Japanese freelancer Yuki Kitazumi at an anti-coup protest in Yangon in early February. (Facebook / Yuki Kitazumi)
Japanese freelancer Yuki Kitazumi at an anti-coup protest in Yangon in early February. (Facebook / Yuki Kitazumi)

Japanese journalist charged in Yangon over ‘fake news’

Freelance reporter Yuki Kitazumi was arrested last month and charged on Monday – World Press Freedom Day – with spreading “fake news”, according to Kyodo news agency.

By AFP

Myanmar’s junta has charged a Japanese journalist under a “fake news” law, a report said Tuesday, in the latest blow to press freedom since the military seized power.

Freelance reporter Yuki Kitazumi was arrested last month at his Yangon apartment and charged on Monday – World Press Freedom Day – with spreading “fake news”, according to a report by Kyodo news agency.

Although the charge has not been confirmed, it is likely to be under Section 505A of the Penal Code. A clause added to the law after the February 1 coup made the spreading of “fake news” punishable by up to three years’ imprisonment.

Kitazumi is one of 50 journalists currently held in Myanmar as part of the junta’s crackdown on resistance to military rule. Several of these journalists are facing 505A charges.

Kyodo cited an unnamed Japanese embassy official saying Kitazumi had no health problems, despite spending several weeks in Yangon’s Insein Prison, which has a long and unsavoury reputation for holding political prisoners.

Kitazumi has been in custody since April 18 – the second time he had been arrested since the coup. In February, he was briefly held during a crackdown on protesters but was later released.

Japan, for years a top aid donor to Myanmar, has been pressing for his release.

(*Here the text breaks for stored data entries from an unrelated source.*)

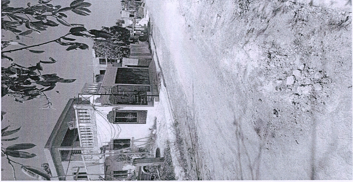
C/ General Santana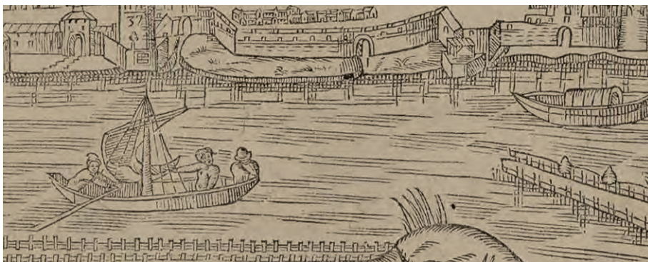
Bateaux naviguant sur la Loire, 16 ème siècle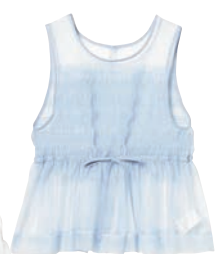
DRESS¥15,400 BY RAY BEAMS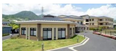
地域密着型特別養護老人ホーム 29床 デイサービス 定員45名/日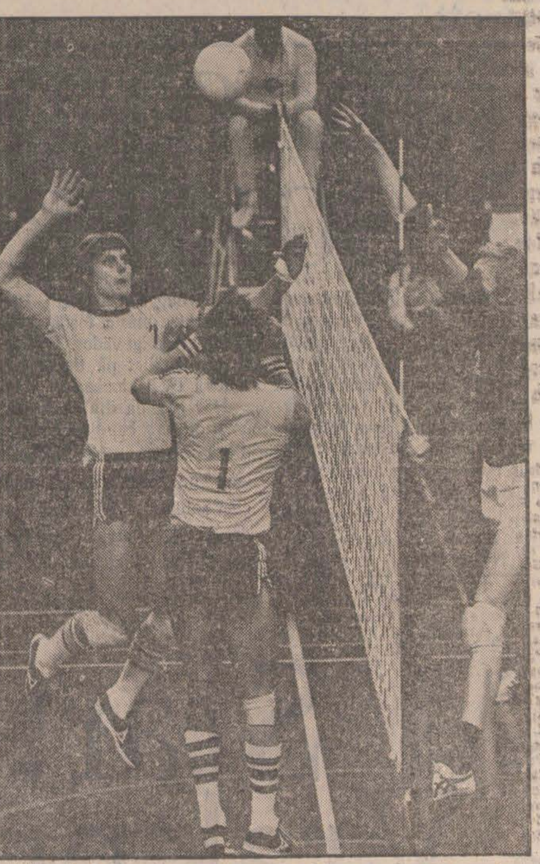
Basket, handboll och volleyboll är tre sporter där landslaget under 1979 spelat viktiga kvalificeringar. I handboll handlar det om OS-kval, i basket och volley om EM-kval.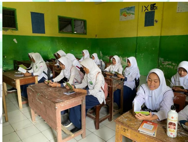
Gambar 4.3 Kegiatan peserta didik TPQ 95

“Kegiatan TPQ disini sudah disesuaikan dengan kemampuan mereka ketika tes. Namun tidak menutup kemungkinan ada beberapa peserta didik yang masih keliru dalam membaca Al-Qur’annya, sehingga ketika mereka bergantian baca Al-Qur’an dan temannya ada yang salah bacaan, mereka bantu mengoreksi bacaannya.” 94

“Naturally, we will continue to do our utmost for the early release of the Japanese national being held,” Foreign Minister Toshimitsu Motegi told Japanese journalists during a trip to Britain, according to national broadcaster NHK.

A total of 766 civilians have been killed in the military crackdown on protests, according to the Assistance Association for Political Prisoners, a local monitoring group.

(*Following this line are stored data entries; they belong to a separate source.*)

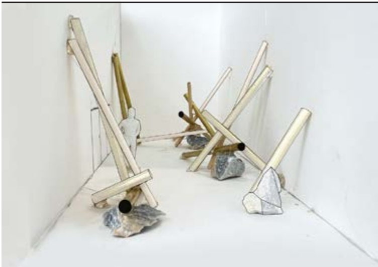
Séverin Guelpa, Energy as a Vehicle , mockup installation, 2025. ©Séverin Guelpa

Cette vidéo sera visible sur les écrans MIRE, à la gare de Chêne-Bourg.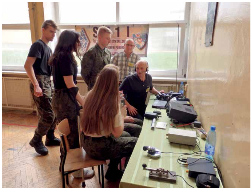
UCZESTNICY POKAZÓW PRACY NA RADIOSTACJI W GIMNAZJUM NR 6 W KOSZALINIE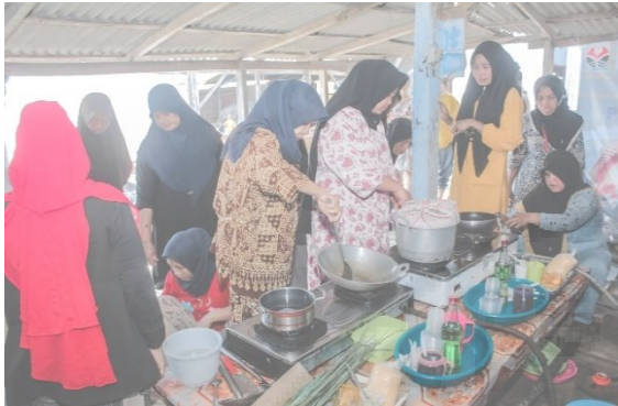
Gambar 3. Istri-istri nelayan sebagai peserta melakukan praktikum mengolah ikan dan rumput laut

Pada sesi awal dan akhir pelatihan tim pengabdian melakukan survei dengan menyebarkan kuesioner yang berisikan mengenai tingkat pemahaman terhadap pengetahuan dan pemahaman peserta terhadap materi yang disampaikan dalam pelatihan. Tabel 1 menunjukkan bahwa sebagian besar peserta telah mengalami kemajuan yang baik dengan memahami materi yang diberikan dalam pelatihan. Selain itu dilakukannya survei mengenai pengalaman dan kepuasan para istri nelayan yang telah mengikuti pelatihan. Hal ini dilakukan sebagai bahan evaluasi tentang pengabdian yang telah dilakukan

As well as arresting journalists, the generals have also sought to clamp down on news of the crisis by shuttering independent media outlets and throttling internet speeds.

The AAPP says there are now 50 journalists in custody, 25 of whom have been prosecuted, while arrest warrants are out for another 29.

Despite the dangers, protesters continue to take to the streets, with early-morning demonstrations on Tuesday in the city of Mandalay, as well as in Kachin State.

The military has defended its seizure of power, pointing to unsubstantiated fraud allegations in the November election, and has condemned protesters as “rioters” and “terrorists”.